The way the other one said it made Legolas halt. He had never heard such a menacing promise before. He didn’t know why such a slight thing arose his fear, but it did. Or maybe it is something else in his voice. The undertone… The way he said that he is not afraid of giving me his name… He looked after the cloaked figure, deciding that the name was not indeed important. The person behind it was.
“You may call me Dark One if it eases your mind,” the other gave in, throwing Legolas a quick smile. In the light of the moon, Legolas saw the other’s face, but this time there was no actual shock: he had known the other to be an Elf long before this moment.
“We call only the Lord of Dol Guldur with that name,” Legolas said slowly.
“So you know who lingers in Dol Guldur, then?” Legolas nodded, unwilling to say the word. “Good. Never call him aloud, and spare your thoughts from him. He is nothing.”
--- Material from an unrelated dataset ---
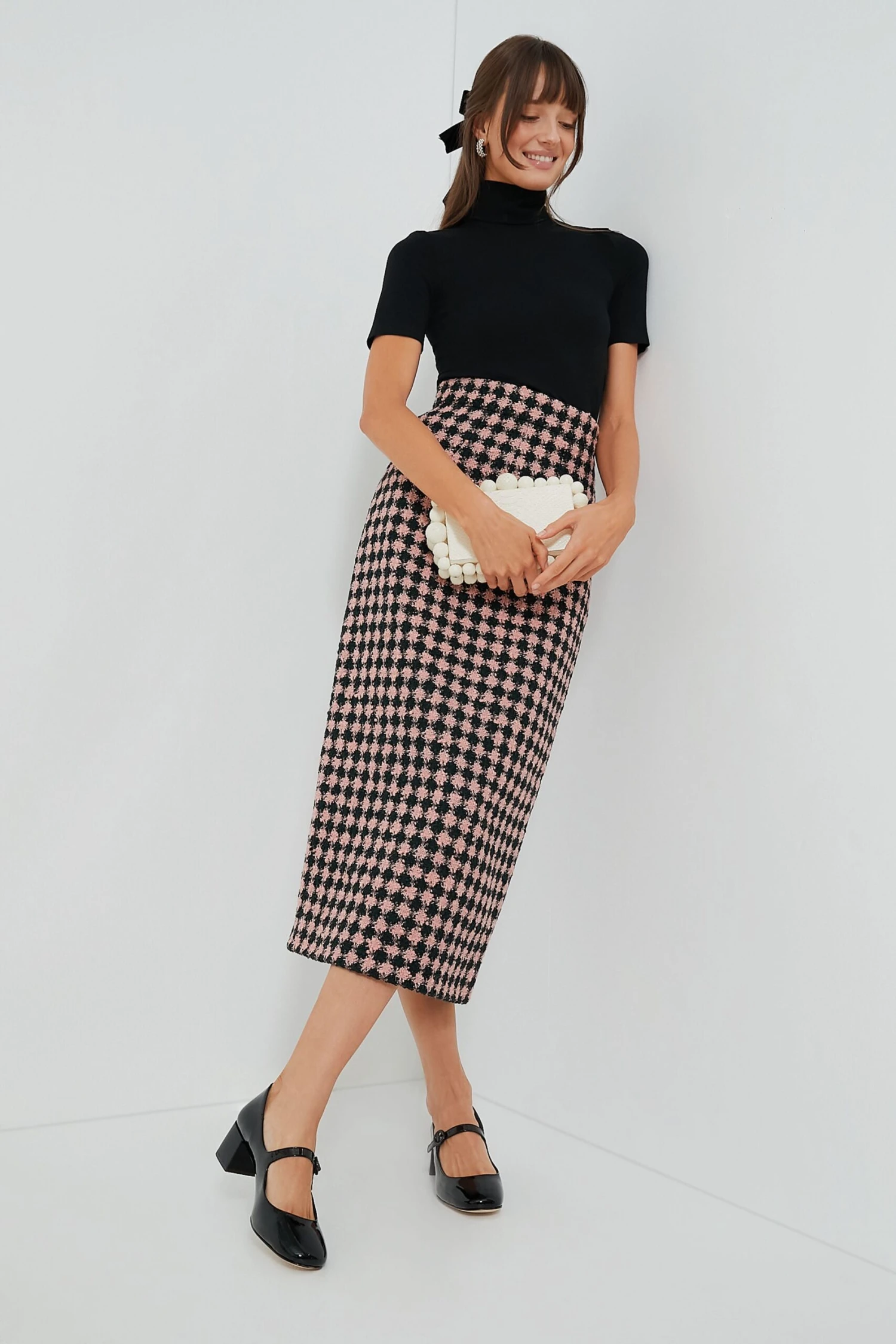 Dark Green And Pink Lorinda Heritage Wool Skirt

“Nothing? You dare to say that!?” Legolas exclaimed, shocked.
The stranger laughed, the sound low and yet somehow comforting. “I dare to say that, and with a reason. But we do not speak of that reason tonight: tonight, I will give you some of the answers you seek, and if you are still willing after it, we may meet tomorrow. Now come, we have a meeting.”
“A meeting?” Legolas asked, hesitation in his voice.
“Yes,” the dark one said, walking forward. Legolas sprang after him, unwilling to give up this easily. There were indeed questions that needed to be answered.
They walked through the dark forest, the older one being quiet for a long time. Then he spoke again, driving Legolas from his dark musings. “There are many things I could show you and teach you, if you are willing. You know by far only the customs of Elves: how they travel, fight, live. I can teach you how your enemies think, and why they think as they think. When you understand those against you, you can win. Otherwise it is just merely a good fortune, or a show of insurmountable power: not a real victory, of course. If your enemies fear you, you have the keys of victory in your hands. Orcs, for example, do not usually fear Elves. If they would, would they attack your people constantly? No.”
Legolas didn’t say anything, his mind a whirlwind of thoughts. Such things he offers, but with what cost? And am I strong enough to learn such things?
At that moment the stranger halted, making Legolas stop with him. They stood on an edge of an opening, and in the shadows from the moon’s rays stood a group of Orcs gathered. Legolas’ eyes widened, but the other’s hand upon his shoulder told him to be silent.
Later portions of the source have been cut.